## Dataset section
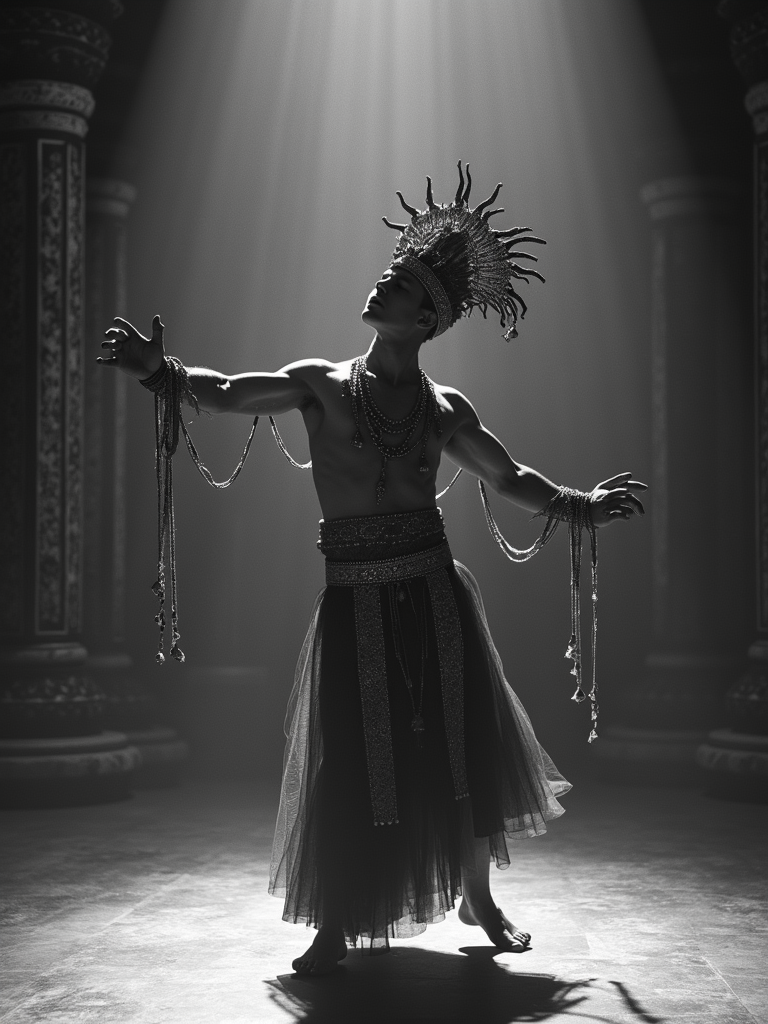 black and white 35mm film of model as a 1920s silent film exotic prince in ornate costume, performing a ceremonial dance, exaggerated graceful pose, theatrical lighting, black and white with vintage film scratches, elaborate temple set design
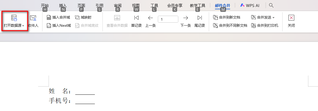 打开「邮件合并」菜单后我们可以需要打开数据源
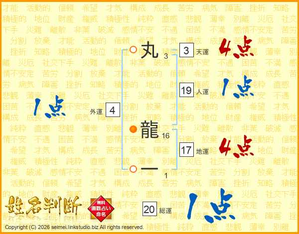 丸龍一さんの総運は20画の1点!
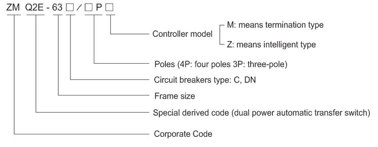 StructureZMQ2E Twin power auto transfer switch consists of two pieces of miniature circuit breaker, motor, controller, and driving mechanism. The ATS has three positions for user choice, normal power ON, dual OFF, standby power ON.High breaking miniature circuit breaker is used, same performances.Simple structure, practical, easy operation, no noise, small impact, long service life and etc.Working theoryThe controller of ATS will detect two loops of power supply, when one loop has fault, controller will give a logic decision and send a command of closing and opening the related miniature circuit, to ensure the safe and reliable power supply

## Exercise directions
Reproduce the entire listing exactly, but omit any pictures.

## Response area
 black and white 35mm film of model as a 1920s silent film exotic prince in ornate costume, performing a ceremonial dance, exaggerated graceful pose, theatrical lighting, black and white with vintage film scratches, elaborate temple set design
 打开「邮件合并」菜单后我们可以需要打开数据源
 丸龍一さんの総運は20画の1点!
 StructureZMQ2E Twin power auto transfer switch consists of two pieces of miniature circuit breaker, motor, controller, and driving mechanism. The ATS has three positions for user choice, normal power ON, dual OFF, standby power ON.High breaking miniature circuit breaker is used, same performances.Simple structure, practical, easy operation, no noise, small impact, long service life and etc.Working theoryThe controller of ATS will detect two loops of power supply, when one loop has fault, controller will give a logic decision and send a command of closing and opening the related miniature circuit, to ensure the safe and reliable power supply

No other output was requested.